─── Data extract

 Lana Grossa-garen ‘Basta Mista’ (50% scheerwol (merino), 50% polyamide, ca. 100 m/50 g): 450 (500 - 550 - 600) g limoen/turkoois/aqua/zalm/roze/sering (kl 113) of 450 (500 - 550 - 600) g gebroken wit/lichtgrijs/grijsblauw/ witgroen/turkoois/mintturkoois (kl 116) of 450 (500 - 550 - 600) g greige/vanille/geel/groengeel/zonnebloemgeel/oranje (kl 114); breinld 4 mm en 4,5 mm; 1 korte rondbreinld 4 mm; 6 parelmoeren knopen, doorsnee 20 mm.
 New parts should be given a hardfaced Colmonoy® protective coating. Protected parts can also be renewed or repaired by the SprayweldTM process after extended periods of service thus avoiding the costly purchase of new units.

──────
─── Data extract

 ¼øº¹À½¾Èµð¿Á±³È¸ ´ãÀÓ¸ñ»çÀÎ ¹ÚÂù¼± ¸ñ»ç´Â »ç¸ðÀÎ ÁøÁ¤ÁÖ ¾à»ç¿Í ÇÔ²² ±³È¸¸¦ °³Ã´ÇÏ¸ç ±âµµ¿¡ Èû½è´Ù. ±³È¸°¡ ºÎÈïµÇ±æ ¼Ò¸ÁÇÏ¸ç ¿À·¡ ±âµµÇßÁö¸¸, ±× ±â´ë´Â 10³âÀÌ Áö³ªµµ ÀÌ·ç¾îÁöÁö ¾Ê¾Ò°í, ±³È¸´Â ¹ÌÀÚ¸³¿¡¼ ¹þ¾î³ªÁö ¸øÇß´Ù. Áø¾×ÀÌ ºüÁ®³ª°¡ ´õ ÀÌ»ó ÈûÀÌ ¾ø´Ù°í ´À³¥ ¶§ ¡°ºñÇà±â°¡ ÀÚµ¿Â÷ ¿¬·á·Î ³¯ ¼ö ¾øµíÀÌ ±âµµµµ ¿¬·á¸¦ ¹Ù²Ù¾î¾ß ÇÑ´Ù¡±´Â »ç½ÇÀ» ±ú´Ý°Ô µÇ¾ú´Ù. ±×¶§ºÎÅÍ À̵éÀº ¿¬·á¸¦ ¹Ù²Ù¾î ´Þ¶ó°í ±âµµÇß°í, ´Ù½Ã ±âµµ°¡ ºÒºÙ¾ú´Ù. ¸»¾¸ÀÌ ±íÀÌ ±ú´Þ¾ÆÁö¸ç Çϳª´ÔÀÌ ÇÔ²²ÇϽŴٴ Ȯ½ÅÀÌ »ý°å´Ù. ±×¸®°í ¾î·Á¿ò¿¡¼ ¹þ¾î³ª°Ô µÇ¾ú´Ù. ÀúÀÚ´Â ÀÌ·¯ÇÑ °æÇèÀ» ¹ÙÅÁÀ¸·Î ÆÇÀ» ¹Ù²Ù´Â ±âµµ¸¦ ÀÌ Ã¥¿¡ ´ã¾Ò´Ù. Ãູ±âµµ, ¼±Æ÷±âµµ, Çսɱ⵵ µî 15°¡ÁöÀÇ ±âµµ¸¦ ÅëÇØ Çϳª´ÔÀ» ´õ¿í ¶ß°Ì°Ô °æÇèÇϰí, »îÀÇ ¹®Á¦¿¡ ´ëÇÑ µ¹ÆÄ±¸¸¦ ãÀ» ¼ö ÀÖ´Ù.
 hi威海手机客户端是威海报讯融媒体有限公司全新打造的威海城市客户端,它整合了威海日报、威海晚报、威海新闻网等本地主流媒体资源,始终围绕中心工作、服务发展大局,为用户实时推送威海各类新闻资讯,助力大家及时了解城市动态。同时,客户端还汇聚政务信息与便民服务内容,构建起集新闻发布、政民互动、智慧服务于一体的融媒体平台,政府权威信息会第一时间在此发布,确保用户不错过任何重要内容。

──────

**What you should do:**
All lines above from the line with "Lana Grossa-garen ‘Basta" through the line with "New parts should", both included, are to be set down exactly, with nothing else.

**Expected answer:**
 Lana Grossa-garen ‘Basta Mista’ (50% scheerwol (merino), 50% polyamide, ca. 100 m/50 g): 450 (500 - 550 - 600) g limoen/turkoois/aqua/zalm/roze/sering (kl 113) of 450 (500 - 550 - 600) g gebroken wit/lichtgrijs/grijsblauw/ witgroen/turkoois/mintturkoois (kl 116) of 450 (500 - 550 - 600) g greige/vanille/geel/groengeel/zonnebloemgeel/oranje (kl 114); breinld 4 mm en 4,5 mm; 1 korte rondbreinld 4 mm; 6 parelmoeren knopen, doorsnee 20 mm.
 New parts should be given a hardfaced Colmonoy® protective coating. Protected parts can also be renewed or repaired by the SprayweldTM process after extended periods of service thus avoiding the costly purchase of new units.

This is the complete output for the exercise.